## WORK TO COMPLETE
All lines from the beginning of the listing through the line with "The Great Train" are to be copied word for word; the pictures are not.

## INPUT DATA

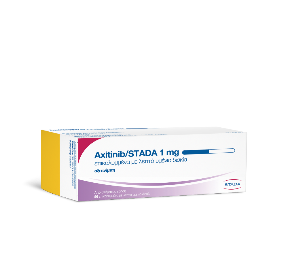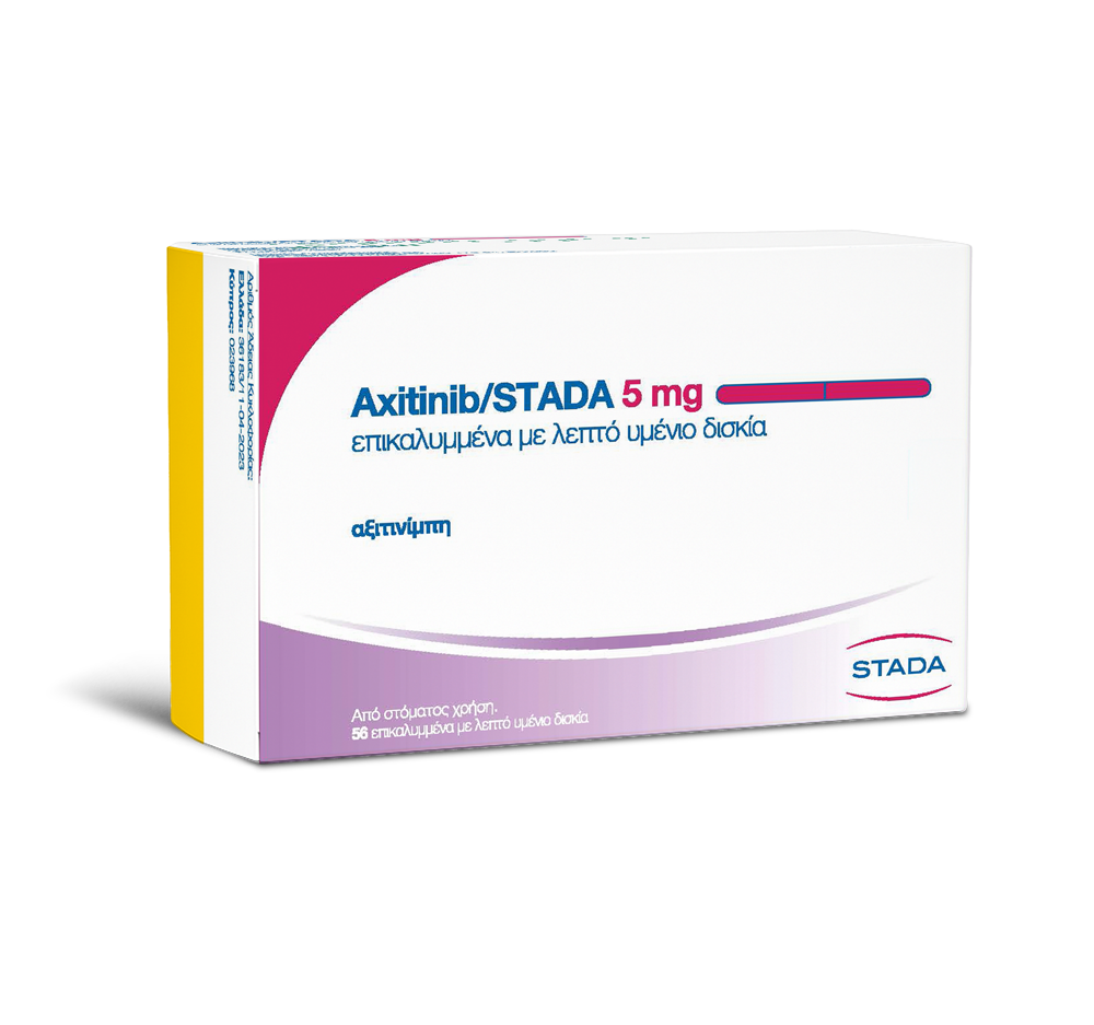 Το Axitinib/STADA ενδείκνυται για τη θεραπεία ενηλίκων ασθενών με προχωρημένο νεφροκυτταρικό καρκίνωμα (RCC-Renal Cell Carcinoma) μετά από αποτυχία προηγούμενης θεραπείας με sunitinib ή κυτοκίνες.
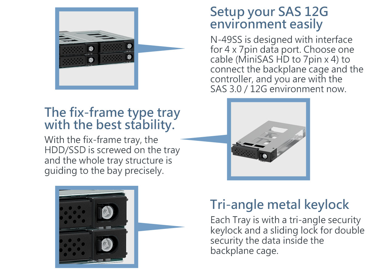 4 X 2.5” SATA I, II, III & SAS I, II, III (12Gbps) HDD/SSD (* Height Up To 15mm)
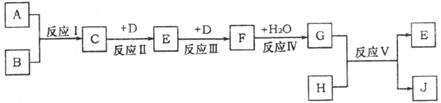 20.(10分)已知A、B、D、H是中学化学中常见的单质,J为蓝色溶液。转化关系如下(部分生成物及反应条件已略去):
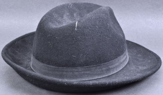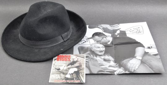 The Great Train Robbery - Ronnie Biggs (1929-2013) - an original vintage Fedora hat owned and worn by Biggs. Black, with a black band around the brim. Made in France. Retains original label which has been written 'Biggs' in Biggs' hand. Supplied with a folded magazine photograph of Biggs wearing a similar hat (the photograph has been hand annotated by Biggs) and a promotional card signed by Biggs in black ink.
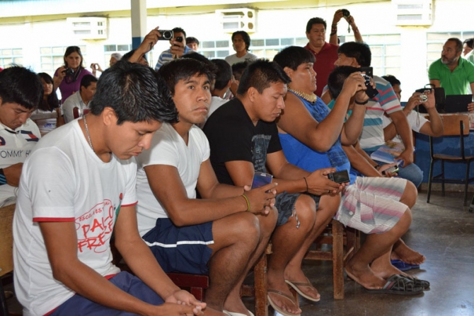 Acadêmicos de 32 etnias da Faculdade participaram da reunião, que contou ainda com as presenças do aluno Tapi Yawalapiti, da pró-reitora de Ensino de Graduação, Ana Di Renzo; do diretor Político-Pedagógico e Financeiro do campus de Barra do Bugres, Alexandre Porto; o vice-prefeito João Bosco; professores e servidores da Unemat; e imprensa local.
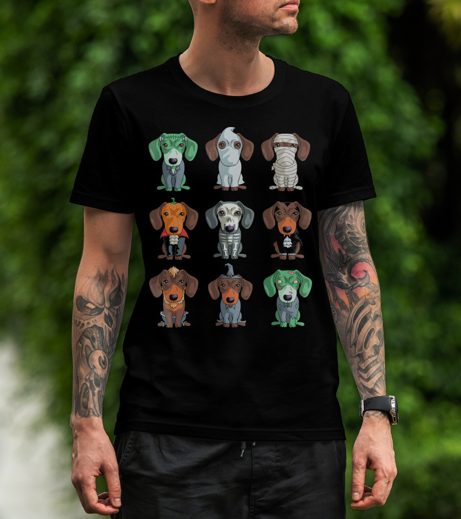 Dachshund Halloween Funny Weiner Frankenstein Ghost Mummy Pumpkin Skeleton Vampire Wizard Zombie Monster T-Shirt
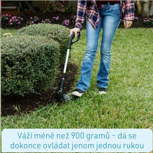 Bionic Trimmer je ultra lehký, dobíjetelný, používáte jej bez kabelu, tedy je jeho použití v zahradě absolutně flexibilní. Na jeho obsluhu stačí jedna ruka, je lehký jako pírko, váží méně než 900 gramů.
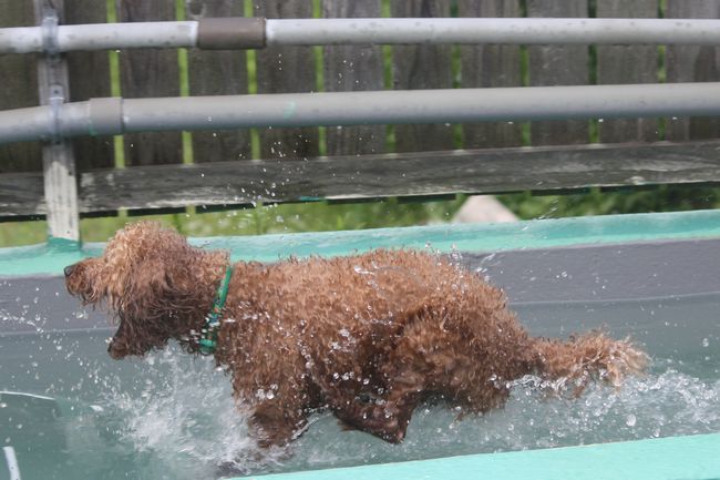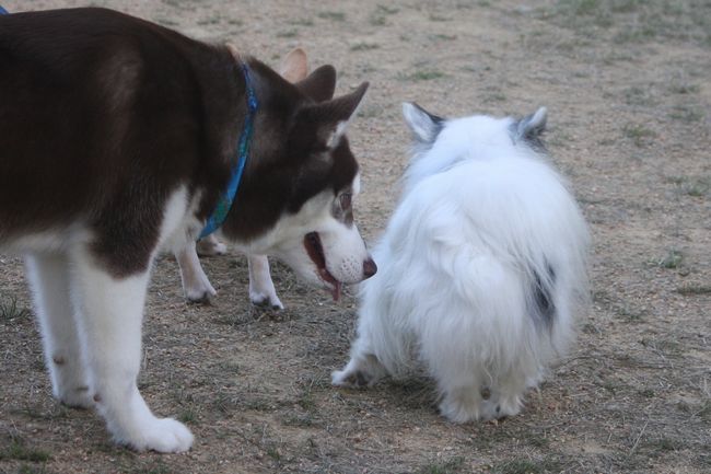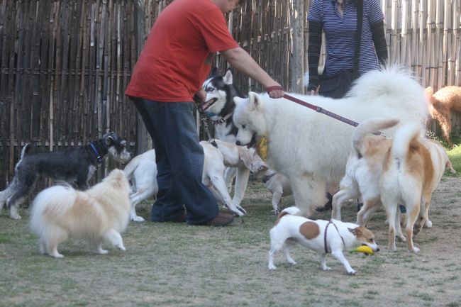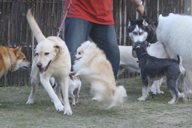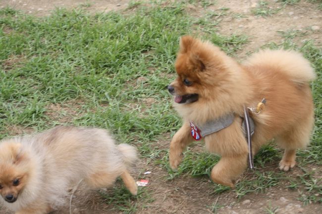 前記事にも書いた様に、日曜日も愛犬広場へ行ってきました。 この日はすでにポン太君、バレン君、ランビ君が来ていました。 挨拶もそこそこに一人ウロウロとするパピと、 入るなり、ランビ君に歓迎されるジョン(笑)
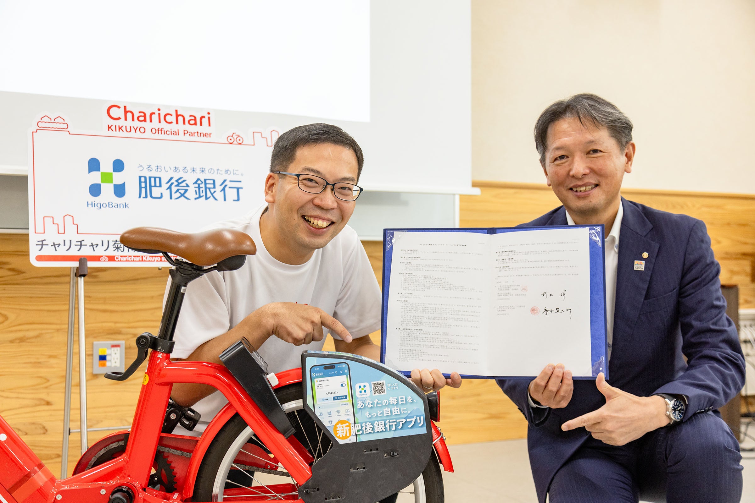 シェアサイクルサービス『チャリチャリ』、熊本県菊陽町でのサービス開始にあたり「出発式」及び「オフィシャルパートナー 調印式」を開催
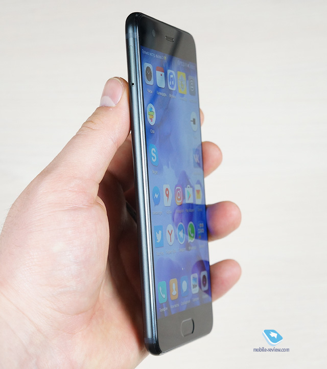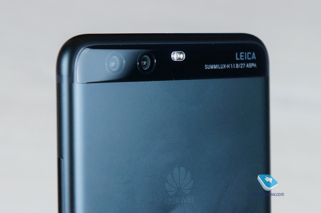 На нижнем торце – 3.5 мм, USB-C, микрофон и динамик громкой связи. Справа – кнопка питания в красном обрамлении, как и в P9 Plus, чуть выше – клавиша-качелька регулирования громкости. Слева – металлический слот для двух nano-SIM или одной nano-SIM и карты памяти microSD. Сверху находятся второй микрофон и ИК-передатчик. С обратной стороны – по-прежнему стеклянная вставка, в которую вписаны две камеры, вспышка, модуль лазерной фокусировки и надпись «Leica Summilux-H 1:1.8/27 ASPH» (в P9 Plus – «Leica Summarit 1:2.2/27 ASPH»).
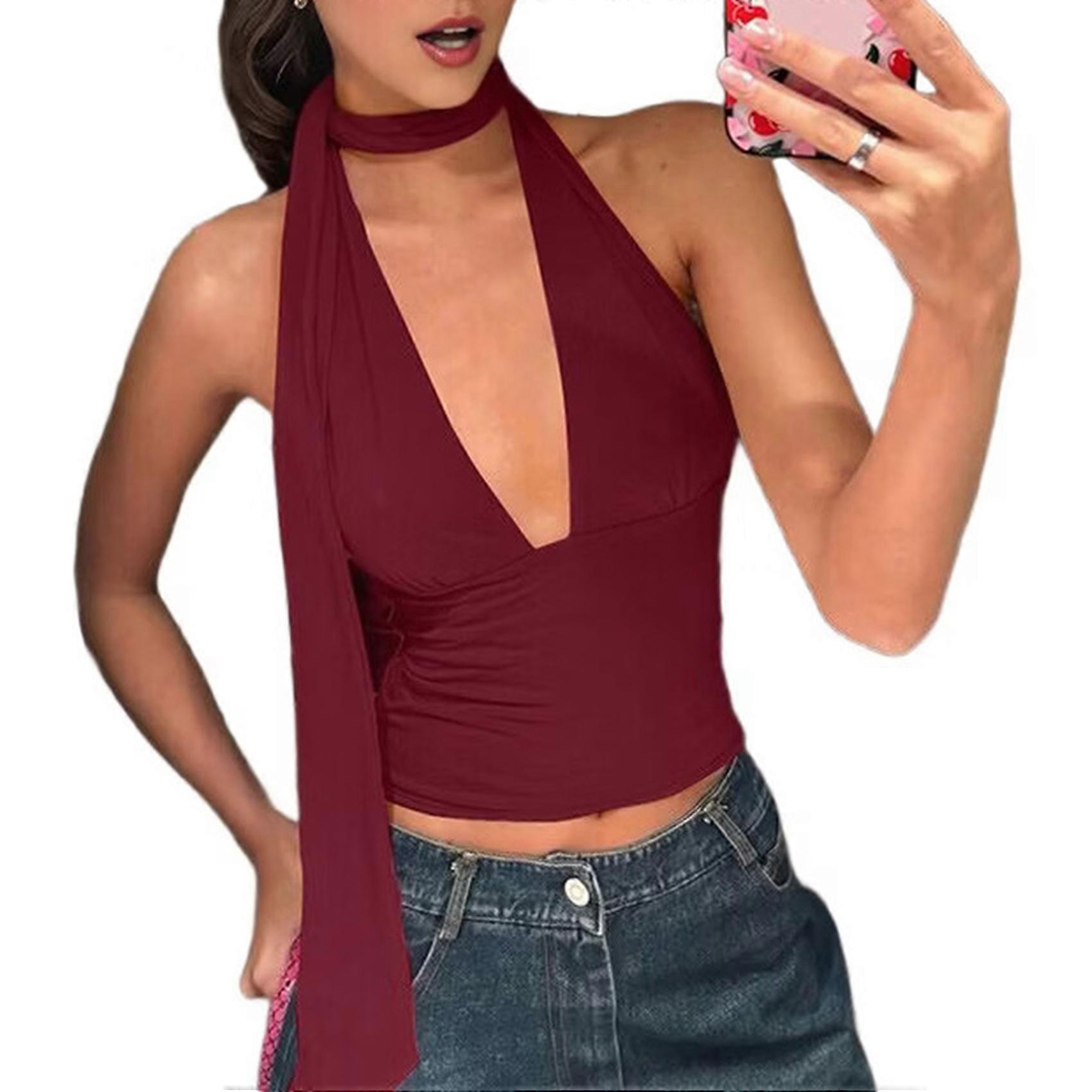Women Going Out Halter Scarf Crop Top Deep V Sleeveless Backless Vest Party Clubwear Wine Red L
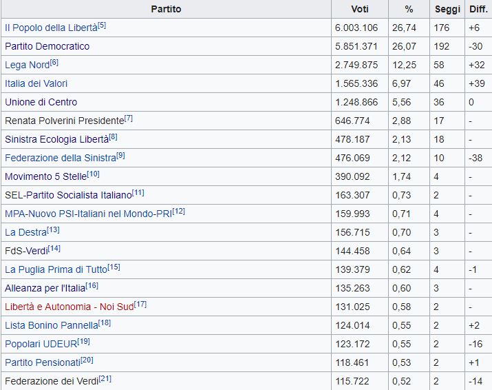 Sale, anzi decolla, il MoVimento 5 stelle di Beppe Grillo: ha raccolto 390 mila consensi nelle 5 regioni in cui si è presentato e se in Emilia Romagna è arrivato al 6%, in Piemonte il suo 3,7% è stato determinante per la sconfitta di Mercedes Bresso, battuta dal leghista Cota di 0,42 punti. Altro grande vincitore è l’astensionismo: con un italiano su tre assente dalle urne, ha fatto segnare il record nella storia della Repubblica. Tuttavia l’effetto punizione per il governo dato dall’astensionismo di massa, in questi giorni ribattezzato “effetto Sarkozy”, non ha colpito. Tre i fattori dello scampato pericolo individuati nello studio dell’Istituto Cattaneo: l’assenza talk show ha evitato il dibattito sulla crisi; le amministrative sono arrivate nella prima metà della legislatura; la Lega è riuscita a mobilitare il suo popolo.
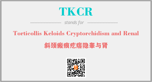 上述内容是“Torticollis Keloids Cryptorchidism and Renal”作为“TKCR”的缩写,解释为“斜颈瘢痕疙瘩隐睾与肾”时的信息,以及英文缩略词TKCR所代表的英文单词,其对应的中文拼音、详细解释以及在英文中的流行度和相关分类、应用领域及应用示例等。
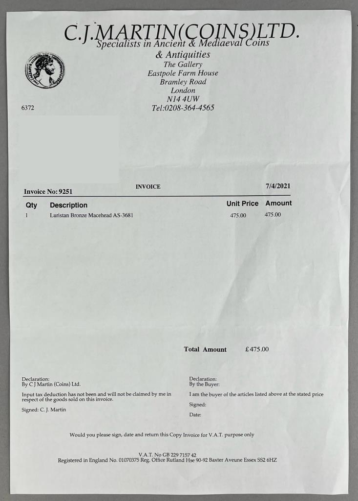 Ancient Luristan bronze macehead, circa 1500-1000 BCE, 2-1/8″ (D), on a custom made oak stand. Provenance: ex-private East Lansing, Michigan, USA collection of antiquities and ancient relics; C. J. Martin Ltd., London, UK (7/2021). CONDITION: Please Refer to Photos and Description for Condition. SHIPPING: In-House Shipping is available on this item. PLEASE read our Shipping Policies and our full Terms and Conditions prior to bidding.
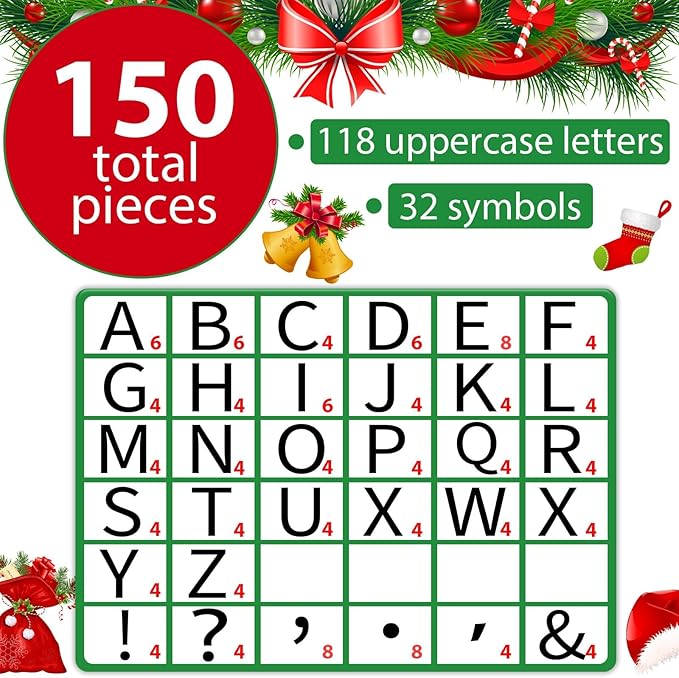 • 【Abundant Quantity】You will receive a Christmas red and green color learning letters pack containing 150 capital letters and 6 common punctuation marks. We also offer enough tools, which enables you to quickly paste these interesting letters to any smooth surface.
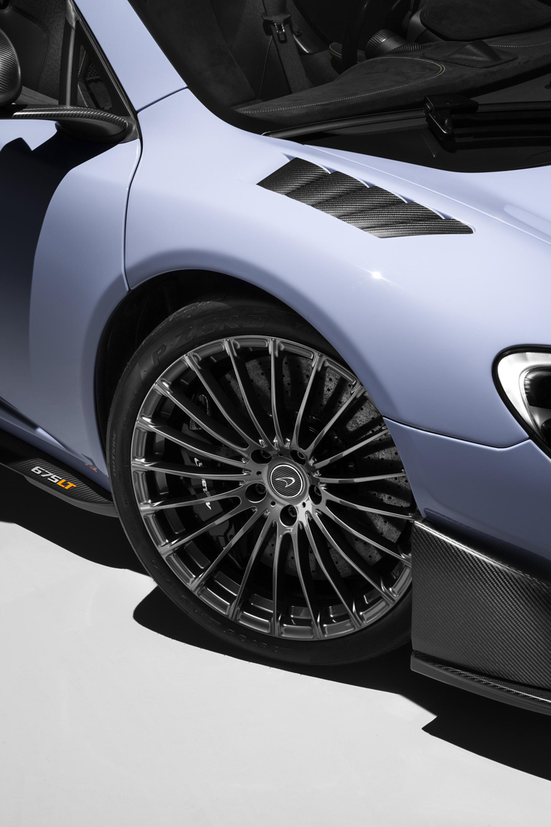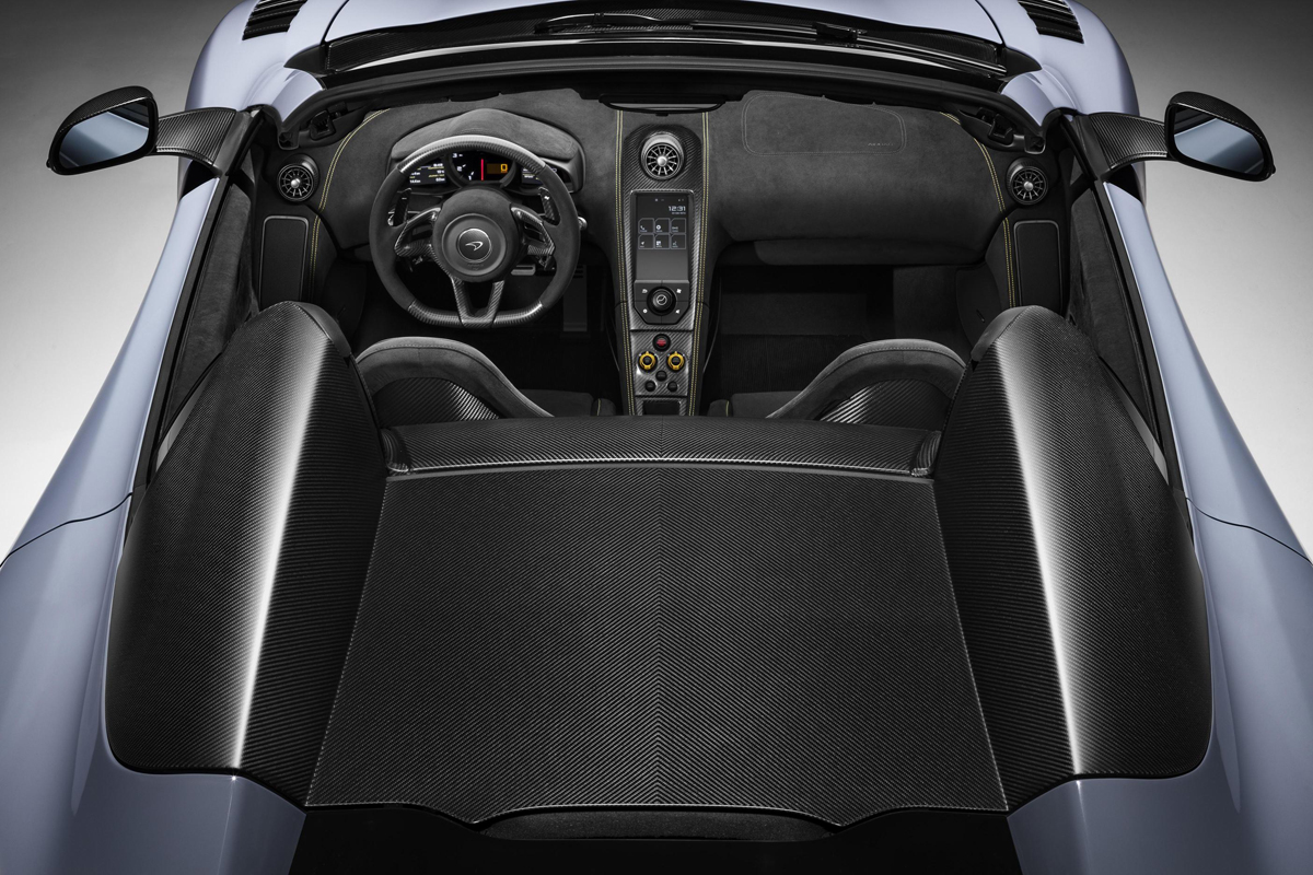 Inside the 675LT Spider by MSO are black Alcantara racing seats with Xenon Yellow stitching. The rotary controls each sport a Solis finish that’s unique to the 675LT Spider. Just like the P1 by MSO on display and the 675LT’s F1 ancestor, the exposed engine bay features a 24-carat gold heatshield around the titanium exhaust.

## ANSWER FOR THE TASK
 Το Axitinib/STADA ενδείκνυται για τη θεραπεία ενηλίκων ασθενών με προχωρημένο νεφροκυτταρικό καρκίνωμα (RCC-Renal Cell Carcinoma) μετά από αποτυχία προηγούμενης θεραπείας με sunitinib ή κυτοκίνες.
 4 X 2.5” SATA I, II, III & SAS I, II, III (12Gbps) HDD/SSD (* Height Up To 15mm)
 20.(10分)已知A、B、D、H是中学化学中常见的单质,J为蓝色溶液。转化关系如下(部分生成物及反应条件已略去):
 The Great Train Robbery - Ronnie Biggs (1929-2013) - an original vintage Fedora hat owned and worn by Biggs. Black, with a black band around the brim. Made in France. Retains original label which has been written 'Biggs' in Biggs' hand. Supplied with a folded magazine photograph of Biggs wearing a similar hat (the photograph has been hand annotated by Biggs) and a promotional card signed by Biggs in black ink.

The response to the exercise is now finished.